Extracted records:
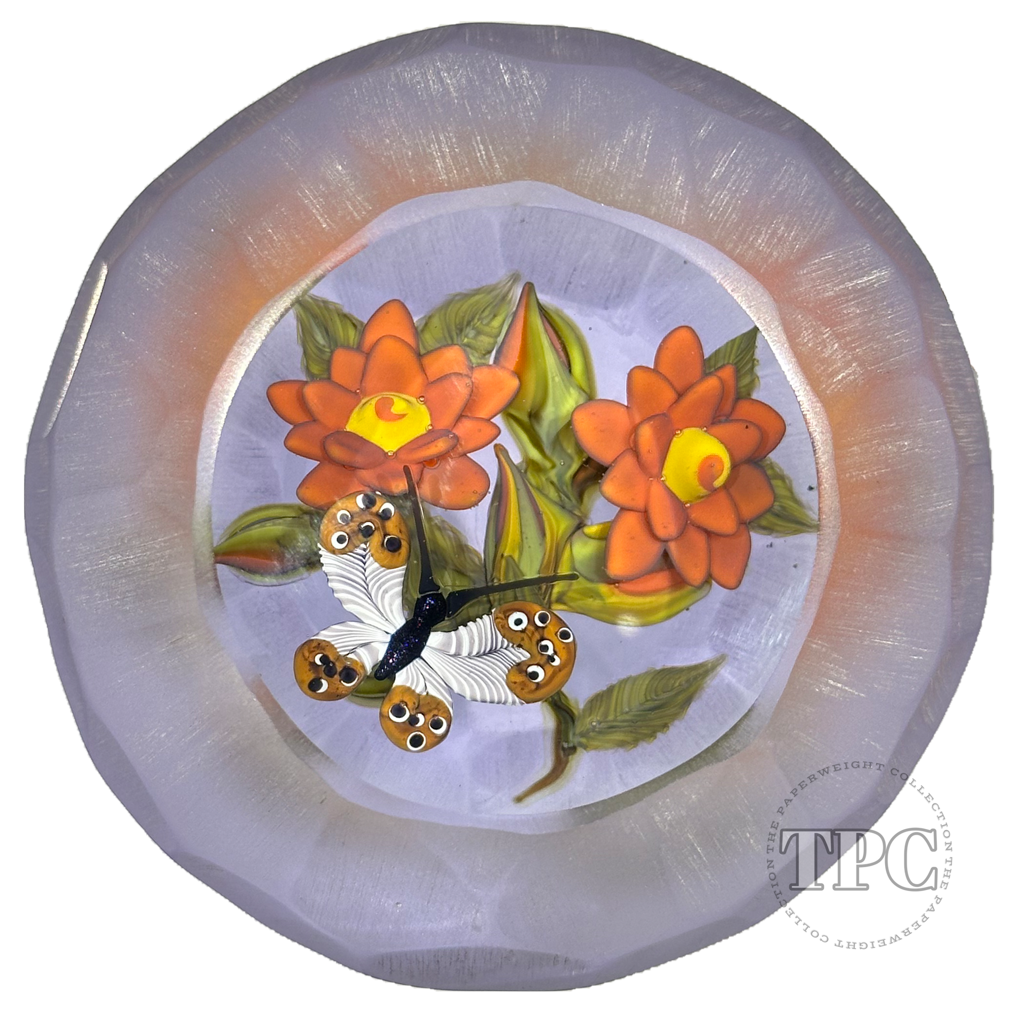 John Deacons Glass Art Paperweight Flamework Clematis Flower on Pink & White Pinwheel Crown
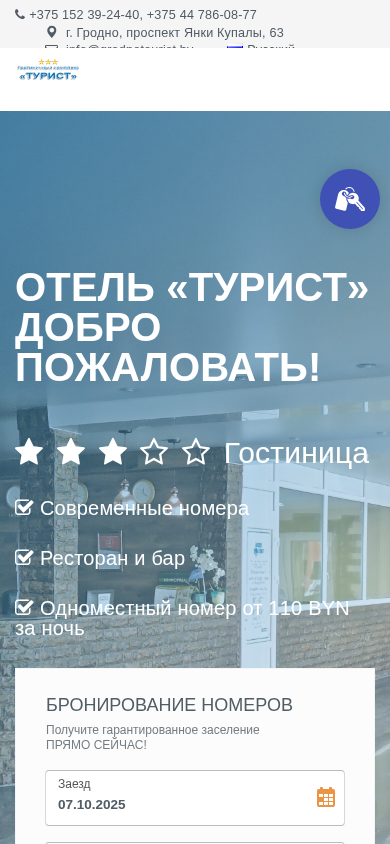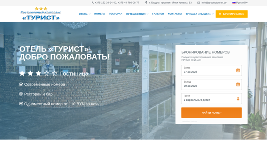 | AI-анализ | This website is for a hotel in Grodno, Belarus, named 'Tourist'. It offers various services including a restaurant, bar, conference hall, and tours. The title of the website is 'Гостиница Турист в Гродно' (Hotel Tourist in Grodno). The description mentions the hotel's location on Prospect Yanaki Kupala, number 63. The contact information provided includes phone numbers +375 152 39-24-40 and +375 44 786-08-77. The website also has information about various services and offers, such as 'Мотопутешественник' (Moto Traveler), 'Дары осени' (Autumn Gifts), and 'Только раз в году' (Once a Year). The website |
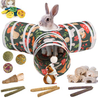 Mechpia Rabbit Toys, Bunny Tunnels and Tubes with Chew Toys for Grinding Teeth Bamboo Carrot Loofah and Grass Ball for Rabbit Gu
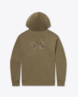 Our best selling camo duck design is now available on a hoodie! Our Youth Surfside Hoodie - Duck Originals is crafted from a soft cotton blend and features a cozy kangaroo pocket on front. This lightweight hoodie has a terry-cloth lining for a comfortable fit making it perfect for layering with any of our youth pocket tees!
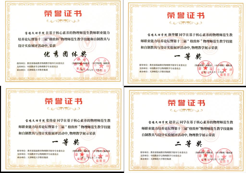 近日,由教育部基础教育物理教学指导专业委员会、《物理教师》编辑部与《中学物理》编辑部共同主办的第十三届“格致杯”全国物理师范生教学技能展评活动在天津师范大学落下帷幕。我校物理与光电技术学院学生获佳绩,其中,颜华耀、张炜豪同学获一等奖,赵章云同学获二等奖,薛慧香、王杰、刘颖等6位同学获三等奖,我校获优秀团体奖。
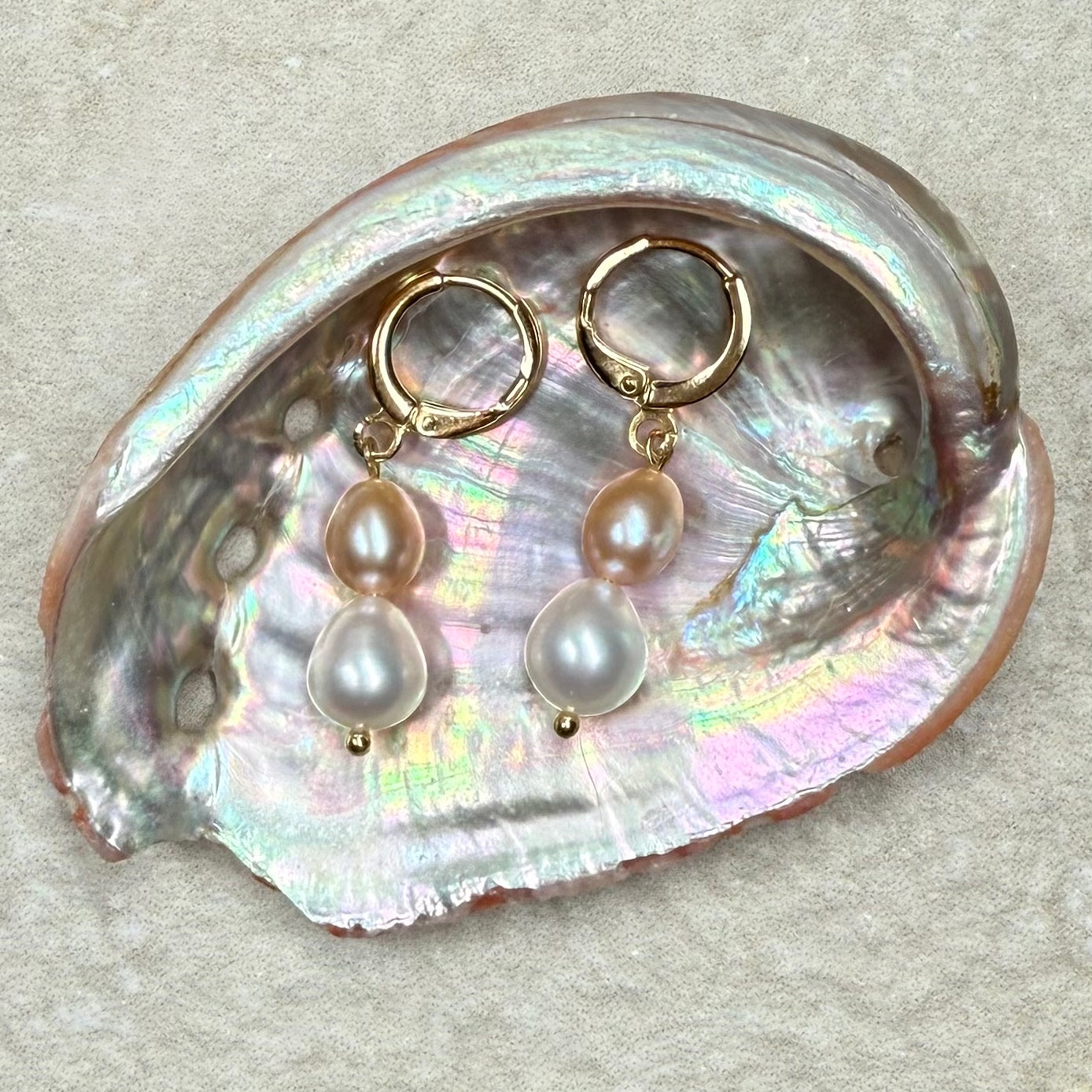 These beautiful earrings are part of our Pearl Collection and will blend perfectly with your favourite jewellery. Handmade from real oval pink pearls and ivory teardrop pearls they make a unique gift to treat yourself, loved ones or family for a special birthday or anniversary.
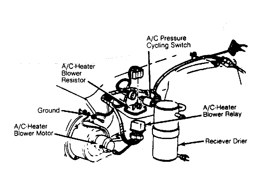 A/C-Heater Blower Resistors On evaporator case, in engine compartment. See Figure .
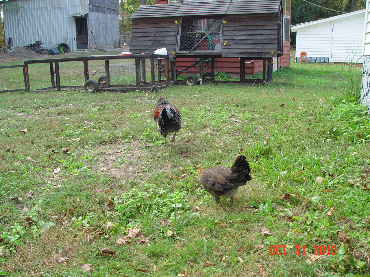 I kept her isolated about 20 minutes. Determined she would be ok, and better off with her rooster. I took her back to the chicken tractor, and they were both soo happy to see each other!! It was touching.![]()

Exercise aim: Print all of the data exactly, and do not carry over any pictures.

Task solution:
 John Deacons Glass Art Paperweight Flamework Clematis Flower on Pink & White Pinwheel Crown
 | AI-анализ | This website is for a hotel in Grodno, Belarus, named 'Tourist'. It offers various services including a restaurant, bar, conference hall, and tours. The title of the website is 'Гостиница Турист в Гродно' (Hotel Tourist in Grodno). The description mentions the hotel's location on Prospect Yanaki Kupala, number 63. The contact information provided includes phone numbers +375 152 39-24-40 and +375 44 786-08-77. The website also has information about various services and offers, such as 'Мотопутешественник' (Moto Traveler), 'Дары осени' (Autumn Gifts), and 'Только раз в году' (Once a Year). The website |
 Mechpia Rabbit Toys, Bunny Tunnels and Tubes with Chew Toys for Grinding Teeth Bamboo Carrot Loofah and Grass Ball for Rabbit Gu
 Our best selling camo duck design is now available on a hoodie! Our Youth Surfside Hoodie - Duck Originals is crafted from a soft cotton blend and features a cozy kangaroo pocket on front. This lightweight hoodie has a terry-cloth lining for a comfortable fit making it perfect for layering with any of our youth pocket tees!
 近日,由教育部基础教育物理教学指导专业委员会、《物理教师》编辑部与《中学物理》编辑部共同主办的第十三届“格致杯”全国物理师范生教学技能展评活动在天津师范大学落下帷幕。我校物理与光电技术学院学生获佳绩,其中,颜华耀、张炜豪同学获一等奖,赵章云同学获二等奖,薛慧香、王杰、刘颖等6位同学获三等奖,我校获优秀团体奖。
 These beautiful earrings are part of our Pearl Collection and will blend perfectly with your favourite jewellery. Handmade from real oval pink pearls and ivory teardrop pearls they make a unique gift to treat yourself, loved ones or family for a special birthday or anniversary.
 A/C-Heater Blower Resistors On evaporator case, in engine compartment. See Figure .
 I kept her isolated about 20 minutes. Determined she would be ok, and better off with her rooster. I took her back to the chicken tractor, and they were both soo happy to see each other!! It was touching.![]()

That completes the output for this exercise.